Every entry should be reproduced word for word.
Given records START
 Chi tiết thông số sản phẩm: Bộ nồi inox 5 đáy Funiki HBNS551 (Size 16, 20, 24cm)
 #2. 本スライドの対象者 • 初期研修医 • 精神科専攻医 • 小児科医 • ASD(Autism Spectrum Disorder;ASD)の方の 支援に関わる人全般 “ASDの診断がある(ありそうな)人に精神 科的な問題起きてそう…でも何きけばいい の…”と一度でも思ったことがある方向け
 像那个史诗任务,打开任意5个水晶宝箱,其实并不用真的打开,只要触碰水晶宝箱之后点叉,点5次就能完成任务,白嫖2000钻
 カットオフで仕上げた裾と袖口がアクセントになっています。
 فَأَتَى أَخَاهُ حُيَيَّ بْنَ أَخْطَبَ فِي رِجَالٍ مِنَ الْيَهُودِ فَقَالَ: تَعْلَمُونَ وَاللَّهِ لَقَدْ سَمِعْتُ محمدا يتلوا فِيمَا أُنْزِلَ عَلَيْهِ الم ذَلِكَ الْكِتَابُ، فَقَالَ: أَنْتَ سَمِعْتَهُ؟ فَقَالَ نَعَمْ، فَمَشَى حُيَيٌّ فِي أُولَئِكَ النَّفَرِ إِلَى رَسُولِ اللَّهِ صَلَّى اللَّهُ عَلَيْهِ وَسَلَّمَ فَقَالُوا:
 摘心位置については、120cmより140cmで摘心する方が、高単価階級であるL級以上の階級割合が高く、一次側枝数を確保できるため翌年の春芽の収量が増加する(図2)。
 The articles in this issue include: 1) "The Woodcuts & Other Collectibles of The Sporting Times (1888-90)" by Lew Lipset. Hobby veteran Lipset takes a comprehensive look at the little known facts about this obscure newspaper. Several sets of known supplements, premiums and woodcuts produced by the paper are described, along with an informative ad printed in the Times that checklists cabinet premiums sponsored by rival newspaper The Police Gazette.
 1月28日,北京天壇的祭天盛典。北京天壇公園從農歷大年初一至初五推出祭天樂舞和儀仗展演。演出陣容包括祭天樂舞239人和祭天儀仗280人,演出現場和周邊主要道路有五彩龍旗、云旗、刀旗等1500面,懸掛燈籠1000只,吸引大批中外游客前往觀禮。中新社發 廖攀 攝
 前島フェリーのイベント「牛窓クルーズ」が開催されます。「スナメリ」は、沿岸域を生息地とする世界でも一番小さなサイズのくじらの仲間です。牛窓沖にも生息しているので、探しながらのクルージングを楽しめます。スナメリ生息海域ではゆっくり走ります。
Given records END
Final answer >>
 Chi tiết thông số sản phẩm: Bộ nồi inox 5 đáy Funiki HBNS551 (Size 16, 20, 24cm)
 #2. 本スライドの対象者 • 初期研修医 • 精神科専攻医 • 小児科医 • ASD(Autism Spectrum Disorder;ASD)の方の 支援に関わる人全般 “ASDの診断がある(ありそうな)人に精神 科的な問題起きてそう…でも何きけばいい の…”と一度でも思ったことがある方向け
 像那个史诗任务,打开任意5个水晶宝箱,其实并不用真的打开,只要触碰水晶宝箱之后点叉,点5次就能完成任务,白嫖2000钻
 カットオフで仕上げた裾と袖口がアクセントになっています。
 فَأَتَى أَخَاهُ حُيَيَّ بْنَ أَخْطَبَ فِي رِجَالٍ مِنَ الْيَهُودِ فَقَالَ: تَعْلَمُونَ وَاللَّهِ لَقَدْ سَمِعْتُ محمدا يتلوا فِيمَا أُنْزِلَ عَلَيْهِ الم ذَلِكَ الْكِتَابُ، فَقَالَ: أَنْتَ سَمِعْتَهُ؟ فَقَالَ نَعَمْ، فَمَشَى حُيَيٌّ فِي أُولَئِكَ النَّفَرِ إِلَى رَسُولِ اللَّهِ صَلَّى اللَّهُ عَلَيْهِ وَسَلَّمَ فَقَالُوا:
 摘心位置については、120cmより140cmで摘心する方が、高単価階級であるL級以上の階級割合が高く、一次側枝数を確保できるため翌年の春芽の収量が増加する(図2)。
 The articles in this issue include: 1) "The Woodcuts & Other Collectibles of The Sporting Times (1888-90)" by Lew Lipset. Hobby veteran Lipset takes a comprehensive look at the little known facts about this obscure newspaper. Several sets of known supplements, premiums and woodcuts produced by the paper are described, along with an informative ad printed in the Times that checklists cabinet premiums sponsored by rival newspaper The Police Gazette.
 1月28日,北京天壇的祭天盛典。北京天壇公園從農歷大年初一至初五推出祭天樂舞和儀仗展演。演出陣容包括祭天樂舞239人和祭天儀仗280人,演出現場和周邊主要道路有五彩龍旗、云旗、刀旗等1500面,懸掛燈籠1000只,吸引大批中外游客前往觀禮。中新社發 廖攀 攝
 前島フェリーのイベント「牛窓クルーズ」が開催されます。「スナメリ」は、沿岸域を生息地とする世界でも一番小さなサイズのくじらの仲間です。牛窓沖にも生息しているので、探しながらのクルージングを楽しめます。スナメリ生息海域ではゆっくり走ります。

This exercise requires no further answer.